In fact, the majority notes that if consumers make an exclusive connection between the mark and the source, that’s the whole point of trademark law!

A few other notable observations:

  • It’s interesting that the USPTO chose to appeal this case especially since the Trademark Manual of Examining Procedure (TMEP) indicates that domain name marks can be registerable if there is evidence that it serves as a trademark. See TMEP 1215.02(a) (“ A mark composed of a domain name is registrable as a trademark or service mark only if it functions as a source identifier”). Moreover, the TMEP further conflicts with the USPTO’s position in booking.com by providing that “there is no per se rule that the addition of a non-source-identifying gTLD to an otherwise generic term can never under any circumstances operate to create a registrable mark.” TMEP 1215.05 (emphasis added).
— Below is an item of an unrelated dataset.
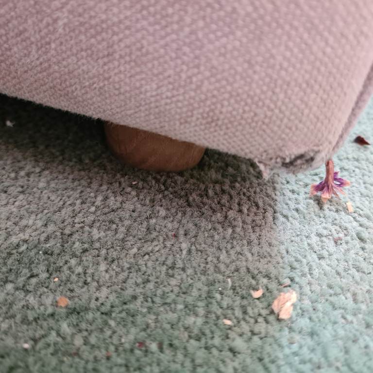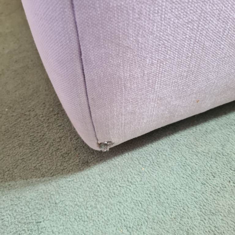 Bought as a second just under 4 years ago. Sold as a second due to the damage to all 4 corners. It has marks here and there with the two main ones hidden by the seat cushion. Please see photos. It has moved house twice which is partly why it's not pristine.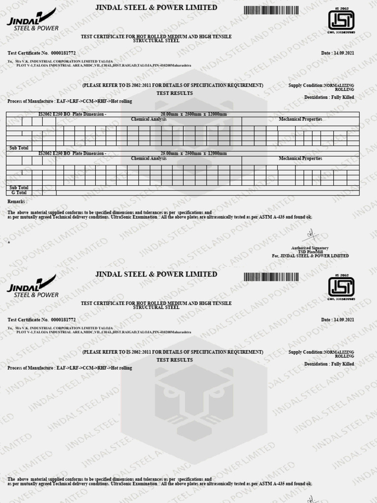 2. Material mentioned above also conforms to EN10025-2S355J0+N :2005 & IS2062 Gr E350 B0:2011.

  • It’s also noteworthy that the Supreme Court mentions several different findings that the USPTO did not contest, including the type of evidence presented regarding consumers’ perception of the mark (e.g., survey evidence). See Slip op at 11 n. 6. As such, the majority ruled that, despite Justice Breyer’s concerns in the dissent, the Supreme Court did not have the ability to discuss these issues. It’s unclear whether those issues would have changed the outcome, but, it’s a reminder that you need to carefully preserve your arguments and/or consider which arguments to concede.
  • Booking.com wisely appealed to the EDVA under Section 1071(a). They did so in order to present new evidence that was not before the USPTO. This evidence was persuasive to the Supreme Court. If Booking.com had sought review by the Federal Circuit, they could only argue the evidence of record that was before the USPTO.
  • The USPTO sought its attorneys fees based on the cost shifting provisions of Section 1071. The 4th Circuit declined to award fees based on its precedent in Shammas. In a turn of good fortune for Booking.com, the Supreme Court determined in Nankwest that meaning that attorneys fees are excluded from the definition of “costs” under the Patent Act’s Section 145. Had this issue been in front of the Supreme Court, it’s likely that the same outcome would apply — i.e., USPTO’s attorney’s fees are not covered by Section 1071.
  • Patent prosecutors are probably unsurprised by this decision as it seems that the Supreme Court adopted patent law principles: the combination of two known elements, in certain circumstances, can result in a patentable invention.